Municipal bonds are debt securities issued by local governments to fund projects that benefit the public good. The interest earned from municipal bonds is exempt from federal income tax and, in most cases, state and local income taxes as well.
Municipal bonds are considered a safe investment because they are backed by the full faith and credit of the municipalities issuing them. For example, if you buy a municipal bond issued by your state government, you know that those funds will be returned to you—even if things don’t go so well for your state in the near future (as happened in Puerto Rico).
The main drawback to municipal bonds is that their rates have historically been lower than other fixed-income securities like corporate and Treasury bonds. But as interest rates rise during this low-rate environment—and they eventually will—you may see higher yields on these securities!

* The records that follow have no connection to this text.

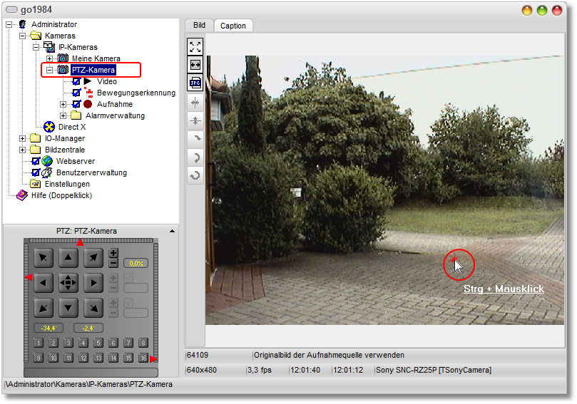 Ist das Livebild zu sehen und der Kameraname fokussiert, kann die Kamera auch über die Strg-Taste und Mausklick innerhalb des Livebildes gesteuert werden.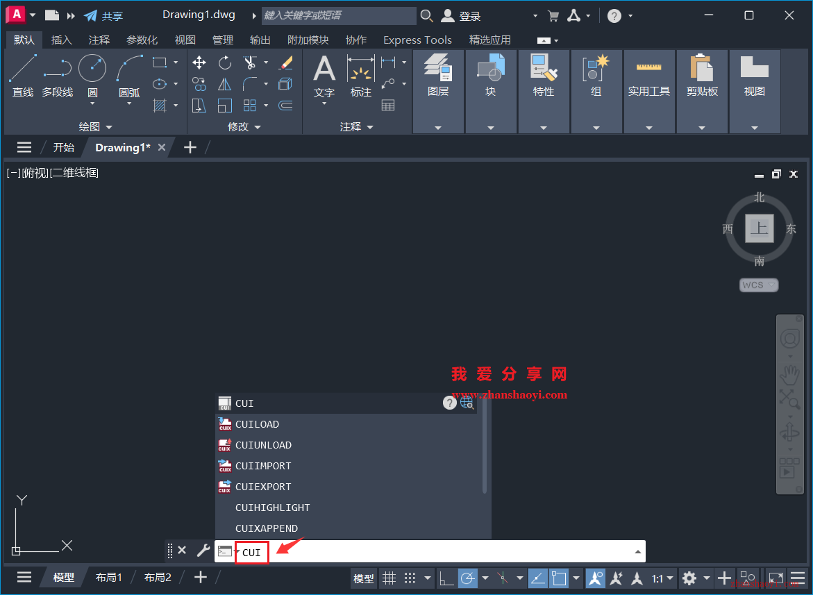 1、先打开AutoCAD 2026软件,进入CAD绘图界面,在下方命令栏中输入:CUI,然后按Enter键;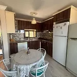 Une propriété en front de mer Villa YeniFoça dispose d'une cuisine équipée, ainsi que d'un coin repas pour cuisiner et dîner.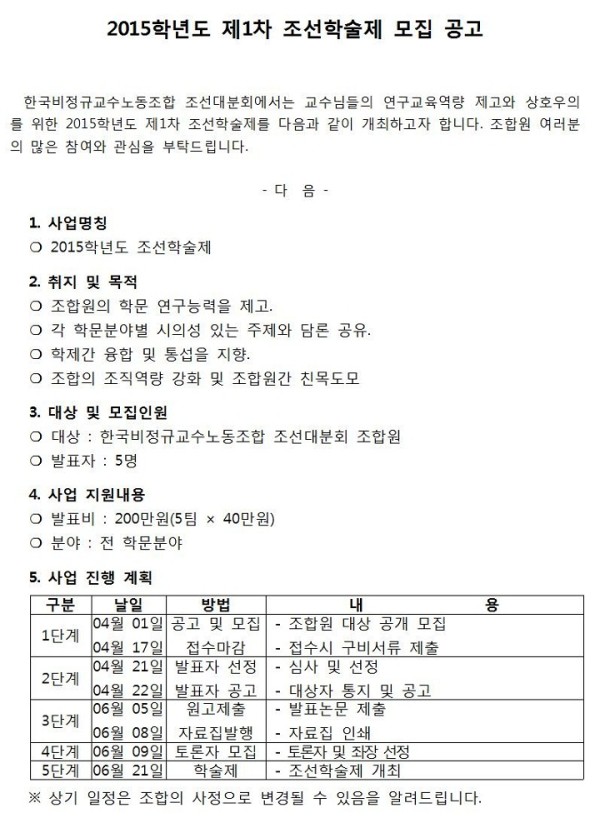 2015학년도 제1차 조선학술제 모집 공고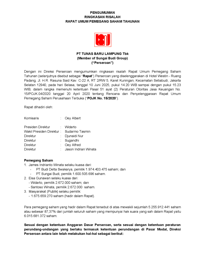 Ringkasan Risalah RUPS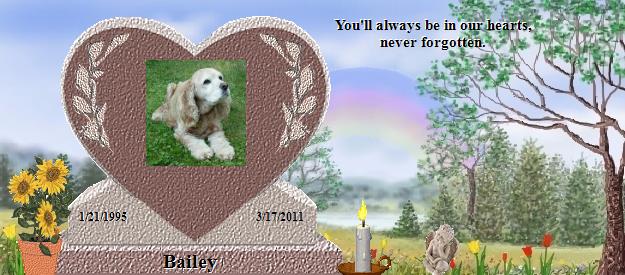 I am so sorry to hear about your loss of Bailey. Please find comfort in knowing that Bailey is now at Rainbows Bridge and making lots of friends. Saying goodbye is never easy. I also lost my precious cat Spooky July 30th 2001 after 16 wonderful years with her. I am sure that Bailey and Spooky have become good friends. You can visit with Spooky at: http://www.rainbowsbridge.com/residents/Spook002/resident.HTM Take Care, Susan
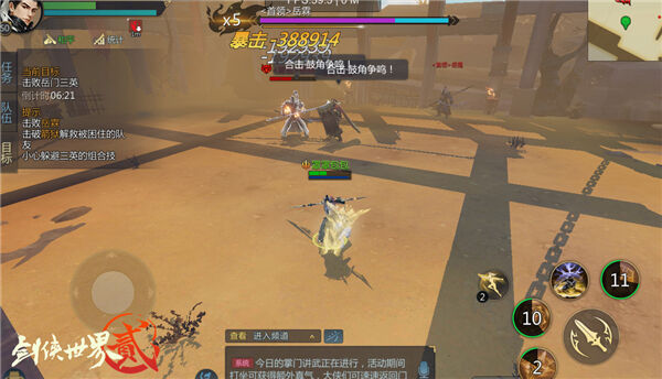 在丹书下篇中,诸位少侠将接受三兄弟的考验,与合力击败拜日月教大善母的岳家三兄弟在沙漠深处展开一场比试。面对常年作战中训练有素并默契配合的三人,少侠们需要及时的调整应对战术,在三兄弟的默契配合下找寻应对之法,突破阵型。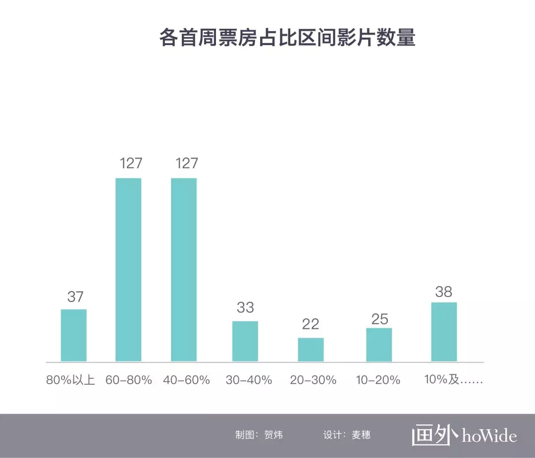 各首周票房占比区间影片数量如下图所示:

Peer-to-peer lending platforms
Peer-to-peer lending platforms allow you to lend your money directly to individuals and businesses. In many cases, you can earn a higher rate of return on your investment than you would from conventional fixed-income investments such as certificates of deposit (CDs).
How it works: After signing up with the platform, borrowers will submit loan applications that are reviewed by an employee at the financial institution backing the startup. If they’re approved, investors will receive periodic payments based on how much risk they choose to take with their investment.
There are a few good options
Unfortunately, the answer to that question is “not many.”
There are plenty of strong fixed-income investments for a low-rate environment. The problem is that most of them aren’t available to the average investor. And even if you could buy some of them, it would be difficult to do so without incurring significant risk or losing out on potential returns.
But there are still options—options that have lower risks than most alternatives while still keeping your money safe and earning interest at above-average rates. Here are some of the best ones:
- Peer-to-peer lending platforms: These let investors lend directly to small businesses and consumers through online platforms instead of going through banks or other financial institutions. Interest rates vary depending on which platform you use and what type of investment (loans or notes) you choose; Lending Club currently offers around 5% annual returns, while Prosper isn’t far behind with 4%. But keep in mind that these investments carry more risk than traditional bonds because if borrowers default, there’s no government insurance on top like there would be with Treasuries or corporate bonds—you’d need better credit scores than me!
It’s a good time to be in the market for fixed-income investments. In today’s low-rate environment, you should have no problem finding an investment that works for you and your needs. If you’re looking for a more hands-off approach, consider one of these online platforms or peer-to-peer lending services. Just make sure you do your research before choosing one!